Mahogany wood has a reddish-brown hue that deepens as the wood matures. The color isn’t consistent as you can notice some light and some dark areas.
It has a very smooth texture with hardly any voids. When it’s polished, it gives out an appealing reddish sheen.
Walnut wood has various grades of brown. It could be light brown or deep, dark brown that has a purplish hue or undertone.
Just like mahogany, it has a smooth texture when polished. It usually shows different shades of brown blending together as the sapwood tends to be lighter than the heartwood.
Mahogany Hardness & Density
With a 900 pounds/force and an average of 35 pounds per cubic foot, it’s safe to say that mahogany is one of the hardest and most dense woods out there.
Growing conditions and species play an important role in the final hardness of the wood. For example, African mahogany is slightly harder than South American mahogany.
Walnut Hardness & Density
Walnut wood is slightly harder and denser than mahogany wood. It has a hardness of 1,010 pounds/force and a density of 40 pounds/cubic foot.
This makes walnut sturdier than mahogany, but when it comes to furniture crafting, the difference in hardness and density is barely noticeable, especially after polishing.
The increased hardness won’t make much of a difference when it comes to constructing furniture, but it makes walnut wood much more reliable if you need wood carving, especially if you use black walnut.
Mahogany weighs around 32 pounds per cubic foot. It’s not the heaviest wood, but it’s heavy enough to construct reliable pieces of furniture.
Since it’s slightly less dense than walnut, it’s slightly lighter.
Walnut weighs an average of 37 pounds per cubic foot. It’s heavier than mahogany which makes sense because it’s denser.
Again, it’s not the heaviest but it’s more than enough for most projects. Compared to oak, for example, both mahogany and walnut are lighter.
There’s always a high demand for mahogany because of how reliable and sturdy it is.
In fact, in 2003, true mahogany (South American mahogany – Swietenia macrophylla) trade became illegal in the United States because of how rare it is.
Currently, 4 x 4 piece of African mahogany (Khaya spp.) will cost you anywhere between $4.30 to $8, sometimes even more.
Walnut wood is rarely grown in the United States, which makes it another rare find. However, unlike mahogany, it’s not illegal. It’s also more expensive than mahogany.
At the time of writing this article, a walnut 4 x 4 piece is priced between $4.7 to $11.

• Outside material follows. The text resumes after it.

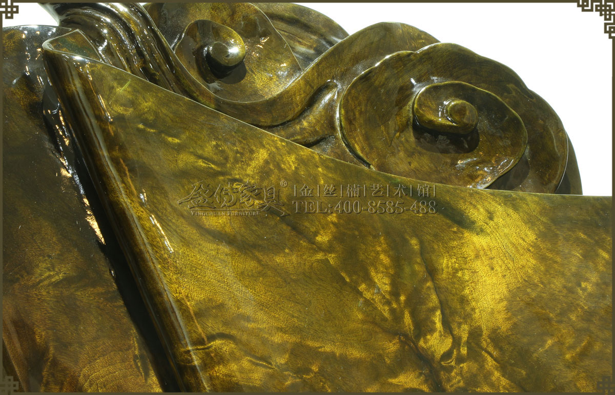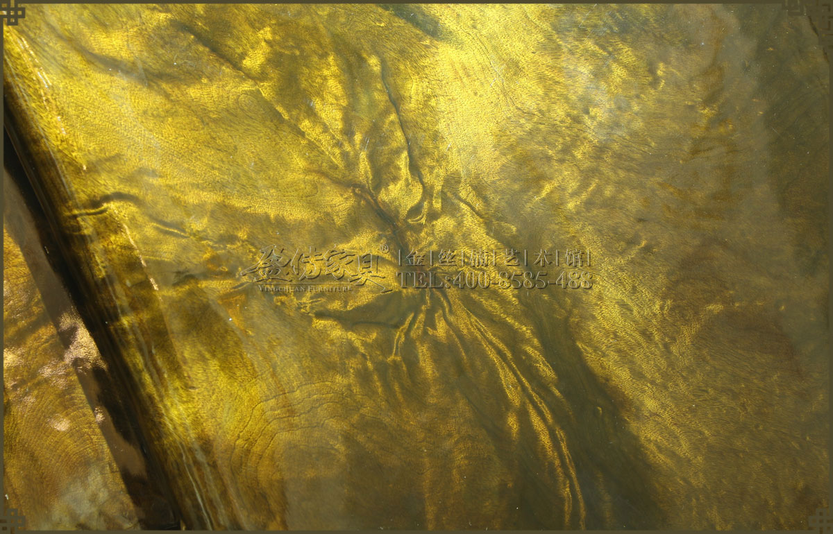 此金絲楠陰沉木手感細(xì)膩,光照下質(zhì)地晶瑩,金絲成色很高,紋路眩美,像霞光、像波瀾……有步移景換的奇幻效果,讓人欲罷不能。

The difference in price between both types of woods isn’t that large, but it would scale up the more wood you use.
Best Uses for Mahogany
Mahogany’s good hardness, smooth texture, grained structure, and high polishability make it very versatile. Here’s what you can make out of mahogany wood:
Crafting furniture is probably the most popular use for mahogany. Its appealing classic-like appearance makes it a good choice for those who prefer wooden furniture.
Chairs, tables, couches, and even beds are good examples of how mahogany can be used. It’s reliable enough for any piece of furniture and will last a long time when cared for properly.

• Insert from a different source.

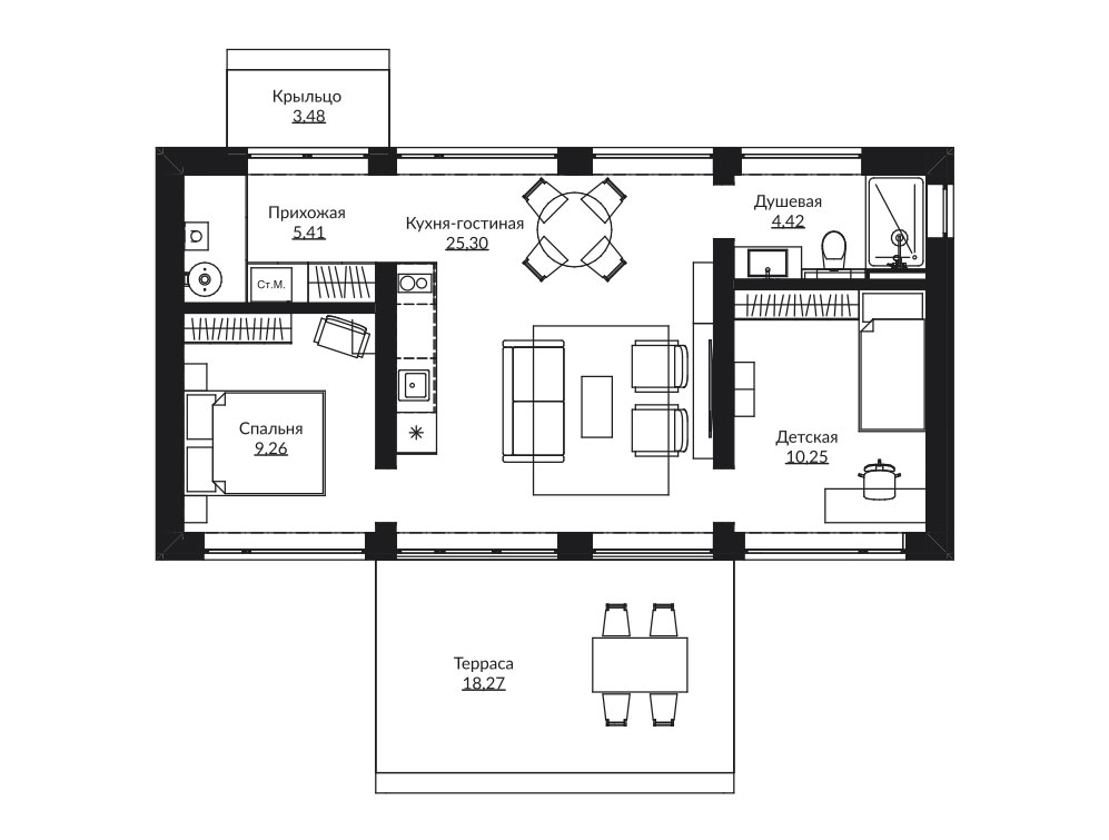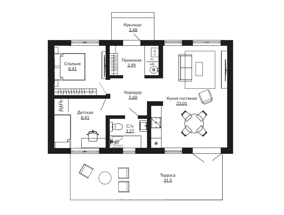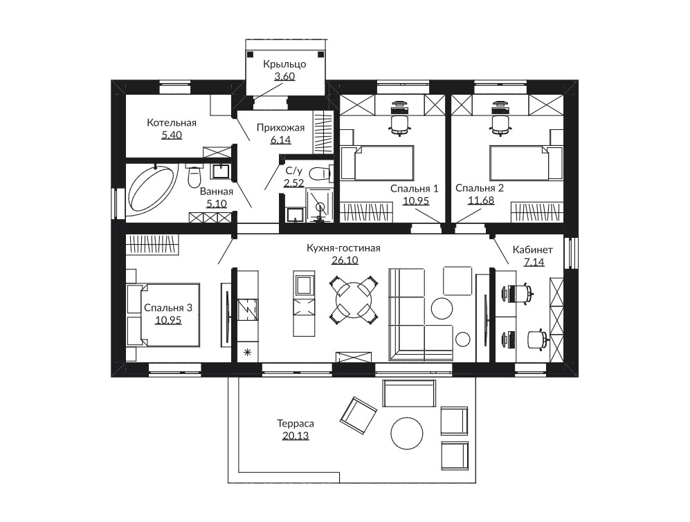 Мы адаптируем планировку под используемые нами материалы, толщину стен, учитываем несущие стены, опирание кровли, располагаем дом по сторонам света. Делаем расстановку мебели: шкафов, кухни, котельной в реальных размерах, если мы минуя планировку начинаем делать эскизный проект дома, то это занимает в разы больше времени, а планировка экономит ваше время.

Whether you like to display your floor or cover some of it with carpet, mahogany is a great flooring choice.
Its high density and grain structure make it water resistant. As long as you’re not spraying it with water, it should stay lustrous and intact for as long as you need it to.
Its smooth texture makes it comfortable to walk on as well.

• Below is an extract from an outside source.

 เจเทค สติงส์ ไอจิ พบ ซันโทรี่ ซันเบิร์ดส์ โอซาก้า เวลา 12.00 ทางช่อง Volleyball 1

Remember that water resistance? It makes mahogany perfect for boat construction.
As long as it’s polished and sealed correctly, boats made from mahogany wood will never leak.
Guitars, violins, and even pianos can be constructed from mahogany wood to give them that premium appearance of a high-quality instrument.
However, care should be taken not to drop portable instruments like guitars. The weight of the wood may cause it to break from the first fall.
It’s not recommended to make food cutting boards from mahogany alone because it might show some knife marks with time. However, it’s still possible to do so.
Most mahogany-made cutting boards are covered with multiple layers of hardwood on top of mahogany to preserve it as long as possible.
Wood-crafted pens are not the most convenient to use, but they’re a fantastic showcase. Mahogany is great to manufacture showcasing pens.
Best Uses for Walnut
Since walnut is often compared to mahogany, it’s no surprise that most of the uses are similar.
Because of how denser it is, furniture and other small home projects made from walnut wood are extremely reliable and durable.
When it’s finished and polished, the color becomes much more lustrous, and it’s highly resistant to accidental scratches.
Any piece of furniture can be made from walnut, but it’s especially useful for furniture that sustains weight, like chairs and beds.
Be sure to check out these awesome walnut project ideas for all skill levels!
To be clear, any hardwood can be used as a flooring material, and walnut is no exception. It’s even a better choice than mahogany in this case.
The floor is more prone to sudden impacts from falling objects than other pieces of furniture, so a hardwood like walnut is a great choice.
Additionally, walnut’s color grading could be more appealing and modern for those who prefer a less classic approach.
Cabinets need to be made from a highly durable material because of how they withstand daily use and abuse.
If you decide to make your cabinets from black walnut, then you’d have both durability and the potential for carving.
The high density prevents wood from chipping anymore than needed while carving the wood.
Just like mahogany, musical instruments can be made from walnut. However, there are two things to keep in mind.
First, the instrument will be heavier and will need more meticulous handling. Second, the notes might sound slightly different because of how differently the sound waves are reflected.
The change in sound quality is very minor and won’t matter much to most people.
Do Mahogany and Walnut Go Together?
It depends. If you’re not worried about the overall appearance, such as with a covered table or a cutting board, then it’s okay to use mahogany and walnut together.
However, keep in mind that mahogany has a reddish sheen that doesn’t go very well with the purple undertone of walnut wood. This difference is even more noticeable after finishing and polishing.
Why Is Walnut Wood So Expensive?
Walnut is so rare that it’s considered a luxurious wood. A walnut tree takes up to seven years to become mature and a couple more years for it to produce enough wood material to harvest.
The demand for walnut wood consumption is currently much faster than its production. This is why it will only keep getting more and more expensive.
Mahogany has its uses and so does walnut. Is walnut sturdier? Yes. Does it feel more premium? Yes. Does that mean mahogany is inferior? No, it doesn’t.
It all comes down to what you want, how you want it, and how much you are willing to pay.
The difference in the final result isn’t that big quality-wise. If you prefer a more classic appearance of your furniture and carved wood isn’t a priority, go for mahogany.
If you like modern shaped furniture, then the slightly more expensive walnut should work well for you.
As for other things like musical instruments and boats, there’s virtually no difference.